Can the office be our happy place?
Tenants’ health and satisfaction are the second phase of sustainability, says Finland’s first WELL Accredited Professional, Robbie McGrath.
WELL™ is the first global building rating system to focus exclusively on the ways that buildings can improve our comfort, drive better choices, and generally enhance our health and wellness. Issued by The International WELL Building Institute (IWBI™), the WELL v2 certificate covers ten core concepts of health, and over 100 features prioritizing holistic well-being. Qualities like air, light, movement, materials and sound are evaluated to guarantee the best possible work environment.
“WELL offers a holistic approach to work environments. As LEED and BREEAM focus more on the environmental impact of buildings, WELL brings stakeholders together early on to design how the building can benefit the users as well. With WELL, attracting and retaining tenants through increasing their health and productivity is key. I believe this is the second phase of sustainability”, says Robbie McGrath, Senior Adviser at Newsec and Finland’s first WELL Accredited Professional (WELL AP).
Swing House among the first WELL buildings in Finland
A seven-story green wall with fresh herbs, a stress-reducing sound environment and circadian lighting are among the innovative solutions at Swing House, an office building set to be complete by the end of 2021 between Keilaniemi and Otaniemi in Espoo. Swing House is accompanied by an another, already complete office building and a hotel that will be ready in 2022. Owner Elo Mutual Pension Insurance Company will apply for the WELL v2 Gold certification for the new office building, making Swing House one of the first WELL certified buildings in Finland.
“At the moment there are three certified WELL projects in Finland and ten more to be certified in the next year. In the Nordics there are about 35 WELL projects, and globally speaking the number is around 4,500”, McGrath says.
With WELL, attracting and retaining tenants through increasing their health and productivity is key. I believe this is the second phase of sustainability
Giant green wall as heart and lungs of the building
In Swing House, the biggest wow effect is provided by the massive green wall adjoining the central staircase. In addition to air-purifying plants, the wall will grow an array of fresh herbs for the restaurant to use. The individually designed soundscape for each floor reduces stress and motivates tenants to favor stairs. Circadian lighting – going from a bright white in the morning towards a mellow yellow in the afternoons – keeps you going in the long and dark Nordic winter. A dedicated separate cycle ramp entrance provides safe access and premium shower facilities cater to cyclists, emphasizing the focus on sustainable transport options for the building.

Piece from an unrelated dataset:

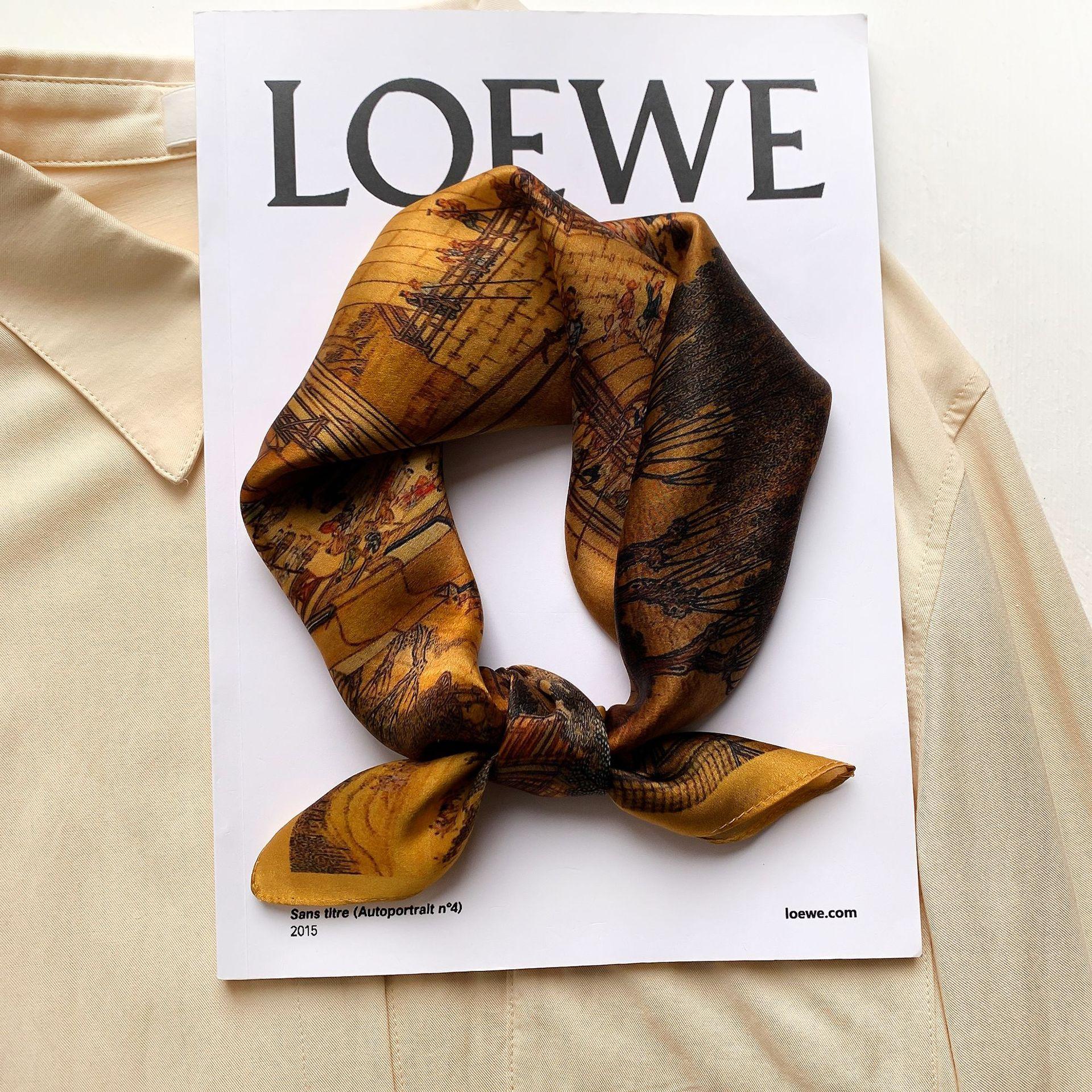 | Bufanda de seda retro, bufanda estrecha y larga de imitación de seda, decoración femenina con esquinas afiladas, decoración de moda, diadema de seda, bufanda al por mayor |

“At Swing House, WELL has been considered right from the beginning, which made it possible to include some of the more aspirational elements, like bringing nature into the building, in addition to the basic things that affect people in indoor spaces: air quality, lighting and thermal comfort. Keeping connected to nature and adjusting the light to give you energy are great examples of building solutions that improve well-being”, McGrath says.
WELL is the way of the future
The shift from WELL v1 to v2 in 2018 has made the scoring system more flexible, encouraging more building owners to seek the certification. The mandatory preconditions have been reduced from around 40 to 20, and the optimizations have increased from around 60 to 90.
“In Europe there was a significant increase when the second version, WELL v2, was launched in 2018; we went from 270 projects to 1,600 in six months. WELL is definitely a growing trend”, McGrath says.
In a decade, WELL might be as big as LEED and BREEAM. Already it offers building owners and tenants a competitive edge.
“From the owner’s point of view, WELL is a great way to show you have a good building that has been designed for holistic well-being, including optimal indoor environmental quality and sustainable transport. But the biggest payoff is for the tenants: they get a work environment that improves health, wellbeing and productivity and helps them succeed in their ventures.”